**Work required:**
Drop all images. Then write out each line below exactly as given.

**Collected material:**
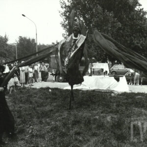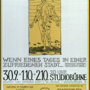 1982Plakat spektaklu ulicznego Jeśli pewnego dnia w mieście szczęśliwym… Teatru Ósmego Dnia w Malmö w Szwecji
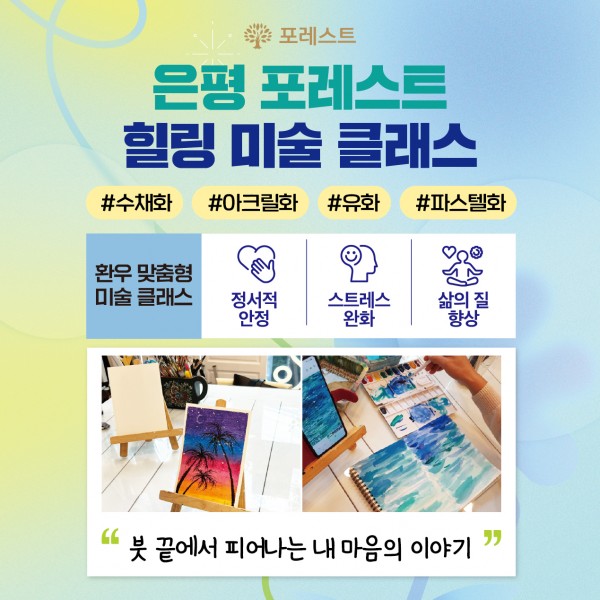 은평 포레스트 힐링 미술 클래스 358https://foresthospital.co.kr/eunp/main/sub06_04.html [은평 포레스트 힐링 미술 클래스를 소개합니다] 말로 다 하지 못한 감정들, 붓을 들고 천천히 그려내보아요:) 포레스트 은평의 미술치료는 내면을 돌아보고 스스로를 위로하는 특별한 시간이에요 따뜻한 분위기 속에서 마음 깊숙한 곳에 숨어있던 이야기들이 하나하나 색으로 피어나지요. 오늘 하루, 포레스트와 함께 내 마음의 이야기에 귀 기울여 보세요.♥ 목록
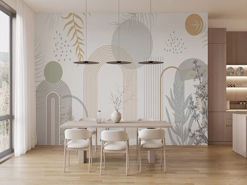 Ova moderna tapeta u skandinavskom stilu kombinuje apstraktne geometrijske oblike sa nežnim biljnim motivima, stvarajući savršenu ravnotežu između minimalizma i prirode. U tonovima bež, zelene i zlatne, idealna je za trpezarije i otvorene prostore kojima želite dodati sofisticiranost i umirujuću atmosferu.

**Solution:**
 1982Plakat spektaklu ulicznego Jeśli pewnego dnia w mieście szczęśliwym… Teatru Ósmego Dnia w Malmö w Szwecji
 은평 포레스트 힐링 미술 클래스 358https://foresthospital.co.kr/eunp/main/sub06_04.html [은평 포레스트 힐링 미술 클래스를 소개합니다] 말로 다 하지 못한 감정들, 붓을 들고 천천히 그려내보아요:) 포레스트 은평의 미술치료는 내면을 돌아보고 스스로를 위로하는 특별한 시간이에요 따뜻한 분위기 속에서 마음 깊숙한 곳에 숨어있던 이야기들이 하나하나 색으로 피어나지요. 오늘 하루, 포레스트와 함께 내 마음의 이야기에 귀 기울여 보세요.♥ 목록
 Ova moderna tapeta u skandinavskom stilu kombinuje apstraktne geometrijske oblike sa nežnim biljnim motivima, stvarajući savršenu ravnotežu između minimalizma i prirode. U tonovima bež, zelene i zlatne, idealna je za trpezarije i otvorene prostore kojima želite dodati sofisticiranost i umirujuću atmosferu.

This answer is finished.